Today is the release day of “I’ll Get You” by Sam Rule & Kelli Peters. I’m super excited to be sharing this new book with you. Check out the excerpt and the Rafflecopter Giveaway further down this post if you want a chance to win this novel.
PTA president Kelli Peters had a normal, happy life in Orange County, California, where she volunteered at her daughter’s school, carpooled, and took care of her family. When a school parent angrily accused Kelli of keeping her son waiting during the afterschool pick-up, it appeared to be a simple confrontation with an overprotective mother. Kelli soon learned, however, that she was the target of a twisted plot against her that involved drugs, lies, schemes, and a campaign to ruin her life. The vendetta led to reputations tarnished, careers lost, secret lives uncovered, two parents in jail, families destroyed, and a $5.7 million dollar civil judgment.
“I’ll Get You!” Drugs, Lies, and the Terrorizing of a PTA Mom is the true story of an ordinary American woman who survived an evil conspiracy that turned her life upside down and shook her hometown to its core.
Sam Rule is the pseudonym for a New York Times and USA Today Bestselling author of 75 books. His books have been translated into multiple languages around the world. He enjoys writing stories about fascinating people that capture public interest. He also enjoys a fine Malbec when the situation arises.
Kelli Peters is a mother, wife, PTA volunteer, animal lover, people lover, kid lover, and life lover. She has been with her beloved husband for 30 years and talks to her parents every day. Her greatest joy is spending time with family, friends, and children. She loves walking her dogs and going to the beach. One of her greatest achievements, besides raising her daughter, has been surviving a campaign of terror that almost destroyed her life. She is a testament to what the human spirit can endure with the support of community, friends, and family. She is forever grateful to the people who stood by her.
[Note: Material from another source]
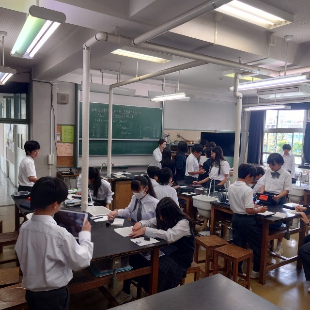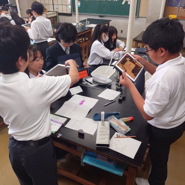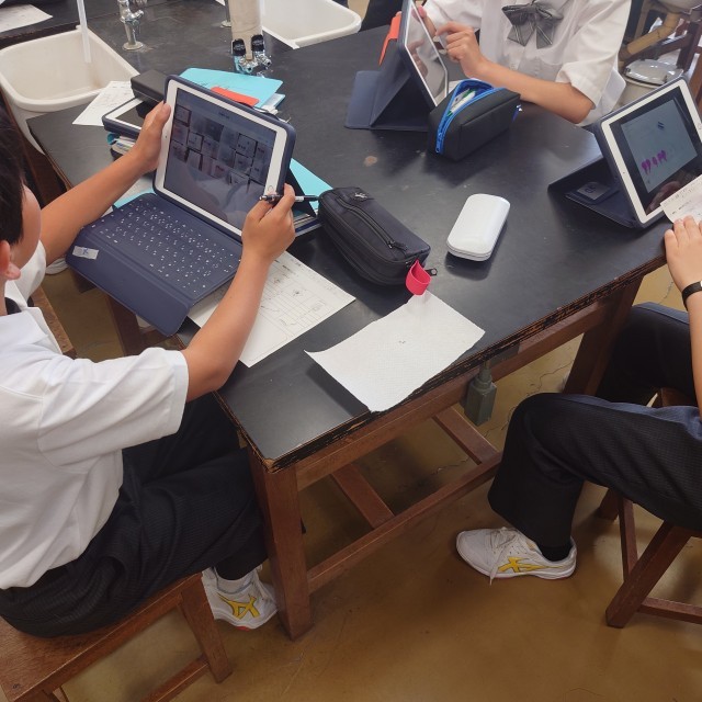 植物(花)の観察にグループで取り組んでいました。タブレットも活用し、ロイロノートで共有していました。

Enter the Rafflecopter Giveaway here
In some ways, Kelli Peters was born to be a volunteer. Once she started helping in the kindergarten class, she never looked back. She passed out papers, took children to the bathroom, answered questions, showed the children how to tie their shoes, and helped them write their ABCs.
“It was trial by fire,” Kelli says. “Kindergarten had thirty kids that year, so Mrs. Jones, the teacher, really depended on us. The kids were so needy at that age. They cried for their moms, so I was always holding one or another and comforting them. When they weren’t crying or asking to go to the bathroom, they were wiping boogers on the walls or running around like crazy monkeys. They just wanted to play all the time, and we had to balance that with trying to teach them something. I was constantly cleaning the classroom or chasing one of them down or soothing wounded feelings or tending to boo-boos. It was nonstop, organized chaos, but I loved it.”
During that first year of volunteering at Plaza Vista, she would walk through the classroom every day to have little kids with eager faces and bright eyes run up to her and give her hugs. They clamored to tell her about their days, their pets, or their latest interests. She pulled them close and listened to them pour out their hearts. Her own heart filled to the brim to see all of these wonderful little human beings talking over each other to share their interests with Miss Kelli.
“I was just an ordinary person,” Kelli says, “but they made me feel so special. I loved the feeling of helping children and being part of their learning processes and growing up. There was no better feeling than being part of their lives. I didn’t care that I wasn’t being paid. The reward was so much greater.”
At the end of the year, Kelli had t-shirts made that said, “I Survived Volunteering in Mrs. Jones’ Class.” The parent volunteers wore them around school, garnering knowing smiles and laughter of fellow parents and staff. Everyone knew that if a mom survived volunteering in kindergarten, she could survive anything.
The following year, Kelli again volunteered in the classroom, this time for first grade. That was the year she was first asked to run for the PTA.
“I’d successfully survived being a volunteer in kindergarten,” Kelli says, “and still showed up to volunteer in the classroom in first grade. Some parents had quit forever after the kindergarten year. Only the strong survived!” She laughs at the memory.
Kelli was not only shocked to be asked to run for the PTA, but surprised to hear herself say yes.
“I loved volunteering and always said yes to everything,” she says. “If someone needed help with something, I said yes. If they needed a parent to bring food for a party, I said yes. If a teacher needed help in her classroom, I said yes. Then I was asked if I would be interested in running for secretary of the PTA…and I naturally said yes. But then I immediately second-guessed myself. I was concerned that I didn’t have the experience. I didn’t think I would win. In my mind, I thought they just needed people to run.” She shakes her head at the memory. “Well, I had no idea that I was the only person running for the office of secretary. So guess what? I won.”
Once Kelli won the seat, her already busy life ratcheted up.